Rivière Piché, un dimanche de mai. Le chant des merles, le fracas d’un pic-bois à l’œuvre enveloppent cette fin d’après-midi qui finit par s’ensoleiller. C’est ici, dans un des sentiers (issus d’une mobilisation citoyenne pour la sauvegarde de cette forêt, au début des années 1990) qui longent la rivière que j’ai donné rendez-vous à Rodrigue Turgeon pour causer de Nanikana, son premier livre, paru aux éditions l’Esprit libre, le 1er juin.

Courtoisie Éditions L’esprit libre

Dans cet ouvrage de quelque 300 pages, appuyé de cartes et d’illustrations réalisées par Geneviève Bigué, Rodrigue revient sur un voyage effectué sur le fleuve Nanikana en juillet 2021, avec ses acolytes : son frère Gabriel Turgeon et ses amis, Sébastien Brodeur-Girard et Gilles Gagnon. Un parcours d’environ 500 kilomètres, étalés sur 26 jours à travers les territoires Anicinape Aki et Eeyou Istchee, qui les a menés de Saint-Mathieu-d’Harricana à la baie James. Reprenant le fil des jours de ce périple, Rodrigue y revient sur ses émerveillements, ses craintes. Mais aussi sur notre rapport trouble au territoire et à Nanikana : un fleuve au cœur d’une certaine identité abitibienne, mais menacé par l’appétit sans fond des extractivistes, passés et à venir. Un fleuve méconnu aussi – jusqu’à la véritable signification de son nom, tel que le rappelle Isapen Mapitce dans sa préface – alors que « [l’on commence] à peine à tendre l’oreille aux récits autochtones qui fleurissent sur [ses] rives depuis des millénaires » (p. 26).

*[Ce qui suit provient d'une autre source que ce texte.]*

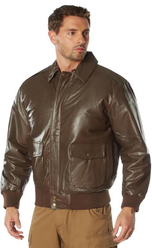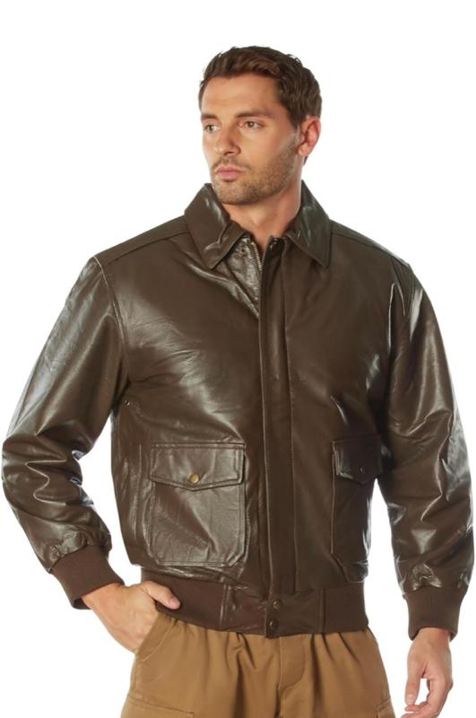 - Step into timeless aviation style with Rothco's Classic A-2 Leather Flight Jacket. Crafted from premium genuine Nappa leather, it exudes the vintage look and feel of a pilot's favorite. The jacket features a breathable zip-out polyester liner, ensuring comfort in any weather condition. With 2 front patch pockets adorned with flap and snap closures, along with convenient slash pockets behind them, you'll have ample storage space for your essentials.
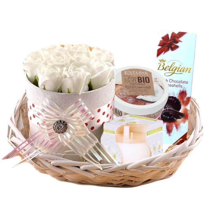 Cos Cadou pentru Femei, CADOURI RAFINATE, model White Elegance, cu Aranjament Floral, Praline Belgiene, Crema de Corp si Lumanare parfumata
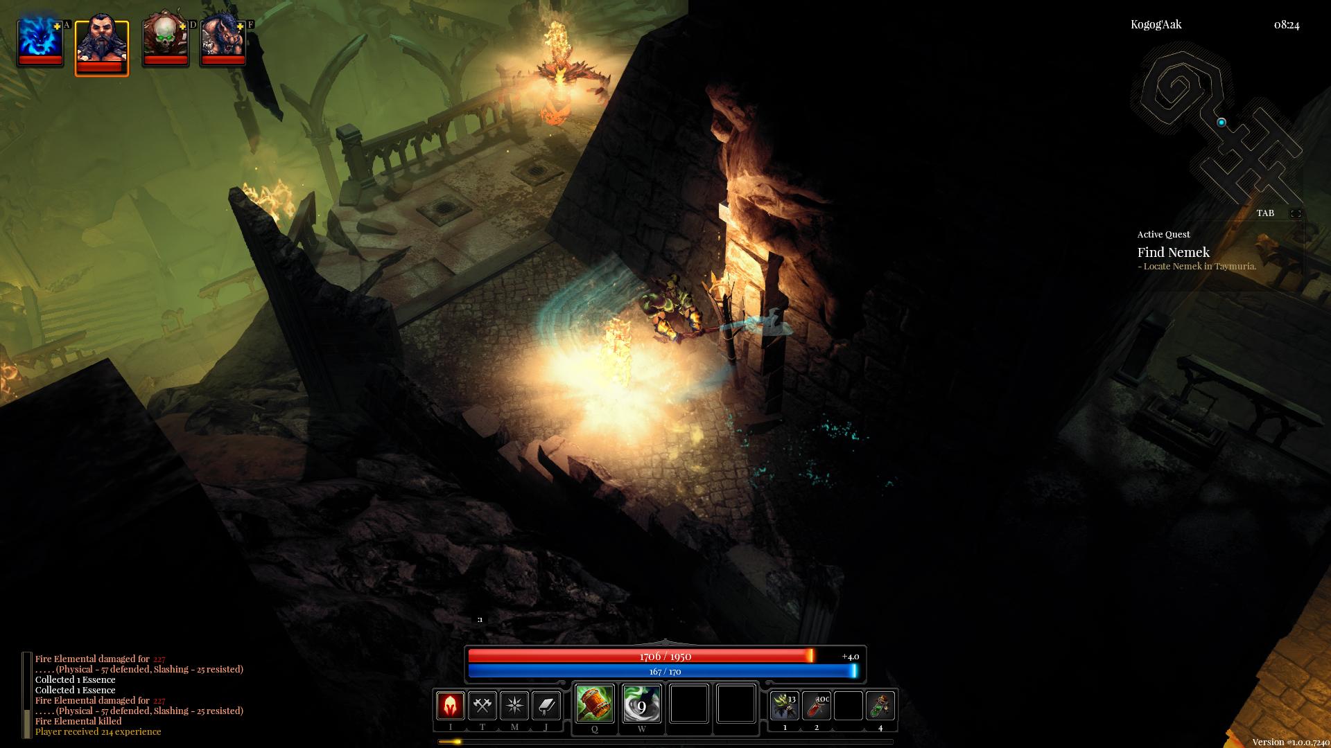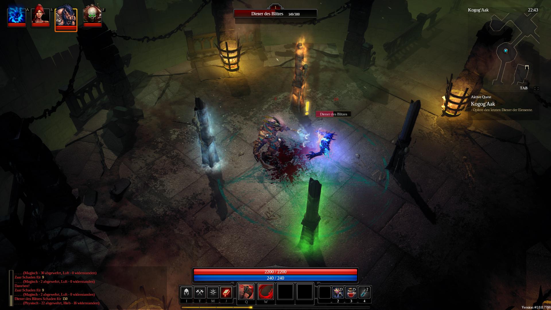 Der dritte Schritt von Kogo'Aak benötigt ihr genau so viele Bruchstücke des Sonnensteins. Wahrscheinlich wird es noch einen Moment dauern, bis ihr die alle zusammen habt. Ihr werdet also wahrscheinlich später hierher zurückkehren müssen. Sobald ihr durch die Tür seid, gilt es zunächst alle normalen Elementare in den vier Kammern auszuschalten. Anschließend müsst ihr die vier Siegel auf die Podeste [F, G, H, I] legen. Dadurch wird die Plattform in der Kammer aktiv. Klickt ihr diese an, entsteht ein neuer Elementar. Den müsst ihr nun in die Kammer mit dem Pentagramm und den vier Säulen locken und dort töten. Mit jedem toten Elementar eines der vier Elemente, sollte eine der Säulen in dessen Farbe beginnen zu leuchten und ein akustisches Signal ertönen. Gehen alle drei an, öffnet sich die nächste Tür. Dahinter liegt auf einem Podest der "Hammer der Stämme". Für den Sonnenstein am Ausgang braucht man vier Bruchstücke.
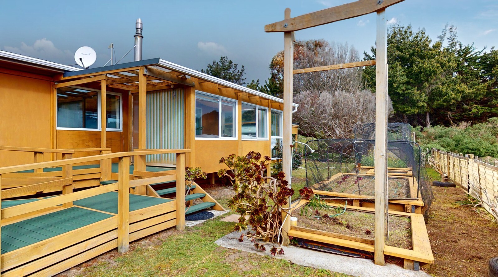 Outdoors offers large box gardens with bird protection, a garage with potential to convert into a double, and excellent entertaining areas, including a full deck, covered alfresco space, and wheelchair ramps. The property runs on tank water and a septic system for self-sufficiency.
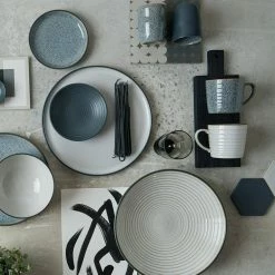 Enjoy your favorite hot beverage with Denby Studio Gray Ridged Mug (Pack of 2). The mugs are made from chip-resistant ceramic for enhanced durability. With its PTFE-free design, the cups ensure safe and reliable use. The ridged profile of these mugs adds to the aesthetic appeal of your table setting.
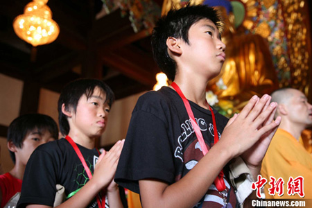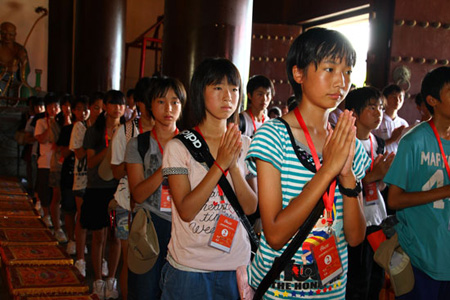 面对佛祖圣像,日本学生双手合十虔诚祈福
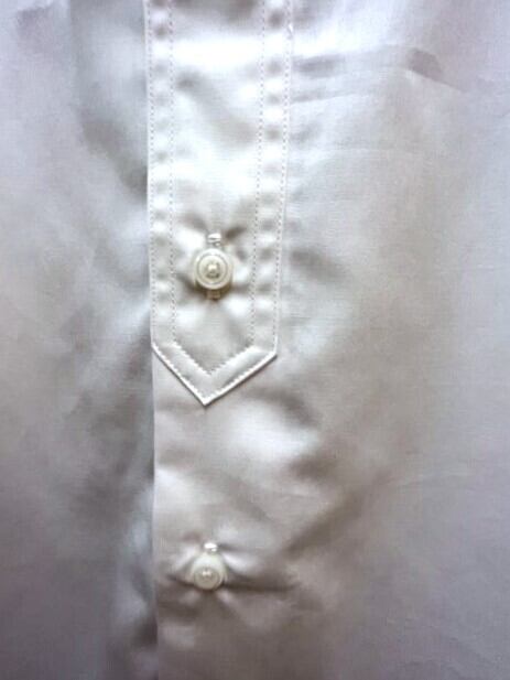 非常に目が細かくツヤのあるブロードクロス、P/O風ハーフブラケットのバンドカラーシャツです。
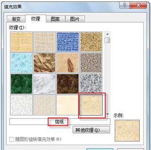 3、 在“纹理”区域选择合适的填充效果,如,选择“信纸”纹理,如图所示。

Partant de ce bilan, Rodrigue me nomme d’emblée le projet de Nanikana : « Ce que j’ai souhaité faire, à partir de ce constat-là de base, c’était de trouver une manière d’amener de la lumière là-dedans, dans notre situation qui peut sembler désespérante à tellement d’égards […] De tout ce que je connais de la région, [Nanikana], c’est ce qui le plus porteur de lumière, de rassemblement, de force qui peut amener une cohésion, une inclusion, et un respect entre les gens. »

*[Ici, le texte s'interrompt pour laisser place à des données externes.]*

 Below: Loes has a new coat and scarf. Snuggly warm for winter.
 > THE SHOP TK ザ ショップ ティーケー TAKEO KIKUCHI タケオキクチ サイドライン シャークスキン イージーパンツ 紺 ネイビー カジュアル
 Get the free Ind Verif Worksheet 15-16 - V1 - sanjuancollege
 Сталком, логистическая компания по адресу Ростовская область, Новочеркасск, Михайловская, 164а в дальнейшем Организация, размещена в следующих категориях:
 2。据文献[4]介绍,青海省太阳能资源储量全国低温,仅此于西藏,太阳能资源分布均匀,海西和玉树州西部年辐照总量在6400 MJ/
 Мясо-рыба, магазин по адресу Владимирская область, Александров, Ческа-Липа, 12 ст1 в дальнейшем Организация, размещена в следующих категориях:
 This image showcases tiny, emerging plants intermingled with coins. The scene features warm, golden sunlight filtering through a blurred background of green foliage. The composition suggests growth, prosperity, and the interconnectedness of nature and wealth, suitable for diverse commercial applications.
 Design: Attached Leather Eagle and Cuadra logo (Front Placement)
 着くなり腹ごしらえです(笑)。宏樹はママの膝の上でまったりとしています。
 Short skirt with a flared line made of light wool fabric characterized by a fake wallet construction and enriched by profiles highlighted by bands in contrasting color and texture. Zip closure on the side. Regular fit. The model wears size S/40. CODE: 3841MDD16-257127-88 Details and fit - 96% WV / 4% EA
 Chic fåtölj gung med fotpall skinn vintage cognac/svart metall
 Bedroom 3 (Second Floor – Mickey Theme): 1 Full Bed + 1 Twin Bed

Rodrigue Turgeon. Photographe : Rachel Pelletier.

Parce que Nanikana, selon lui, est à l’image de portes ouvertes sur notre passé et notre avenir : « C’est un territoire qui se découpe en séquences d’occupation coloniale, et [on] peut très bien anticiper de ce qui adviendra de l’aval en évaluant ce qu’on a pu faire en 100 ans en amont. Le regard qu’on jette vers le futur, on peut le jeter vers l’aval de Nanikana, dans un territoire qui est encore relativement épargné, mais qui demande aussi à être restauré en grande partie… »

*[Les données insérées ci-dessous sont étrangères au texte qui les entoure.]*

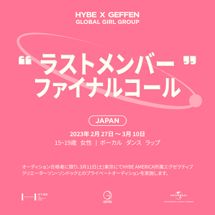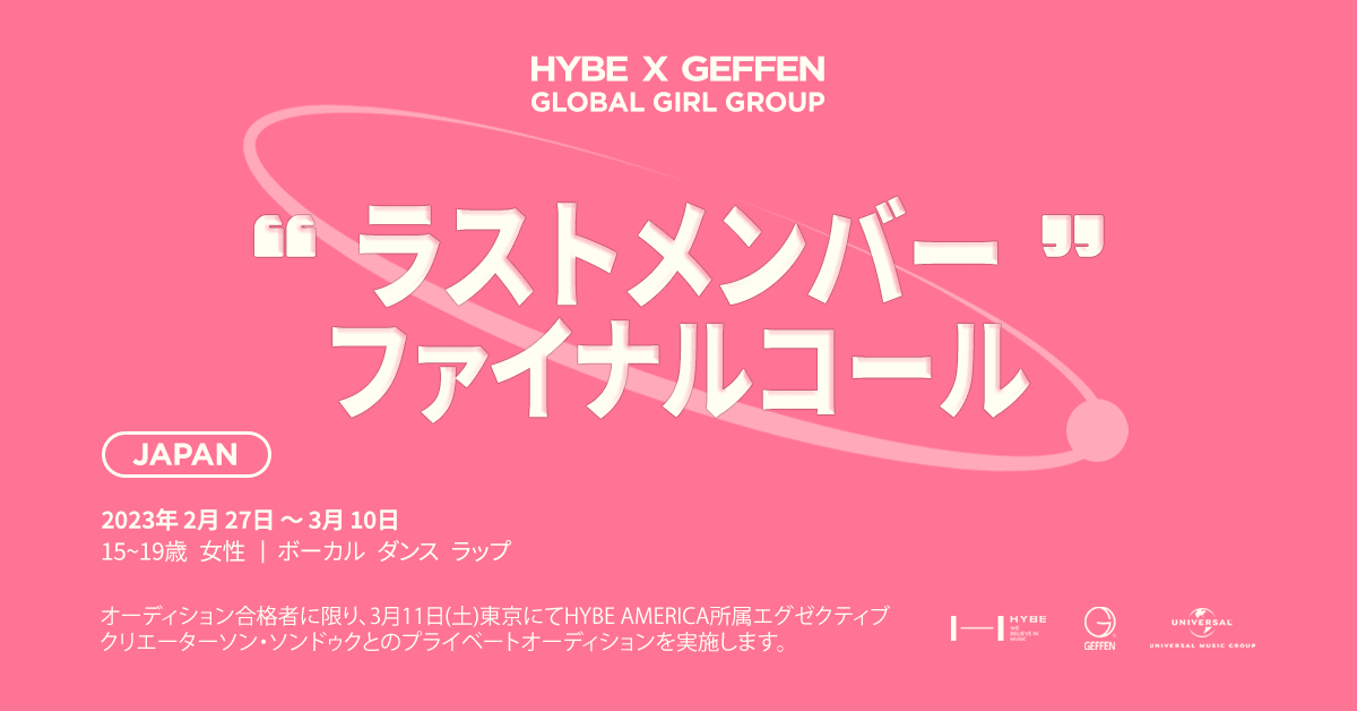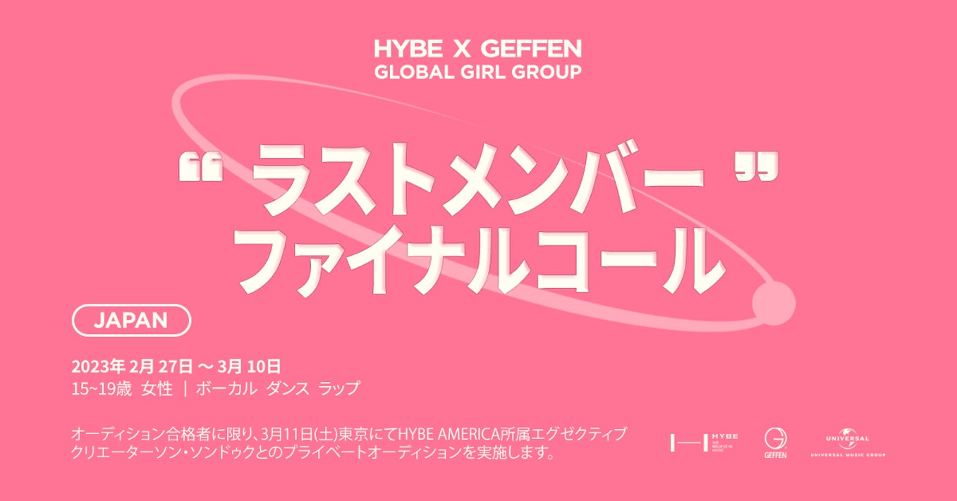 HYBEとユニバーサルミュージックグループによる「HYBE x GEFFEN グローバル・ガールグループ・プロジェクト」は、日本での最終オーディションを開催し、本日2月27日~3月10日までの期間、オンラインによる一次選考の応募を受け付けます。

C’est d’ailleurs ce double regard qui donne son rythme aux dix chapitres de Naninaka, où le récit du voyage cède régulièrement le pas à l’essai, à mesure que le poids de l’histoire se révèle aux canoteurs. Une démarche entièrement assumée par Rodrigue, d’autant qu’en plus des renseignements tirés de sources historiques ou contemporaines, on y retrouve de nombreux témoignages de personnes anicinapek, eeyouch et abitibiennes que Rodrigue a rencontrées dans le processus de rédaction du livre. Une démarche essentielle, indiscutable pour l’auteur, afin de jeter une diversité de regards sur Nanikana et son histoire : « Ça, ça a été le plus grand voyage dans le projet – quand j’ai fini d’écrire notre histoire, pis que je suis allé à la rencontre des gens ».

Et c’est ça, en fin de compte, Nanikana : le récit d’un voyage à la rencontre de l’autre et du territoire, et un vibrant appel à renouveler ce qui nous lie.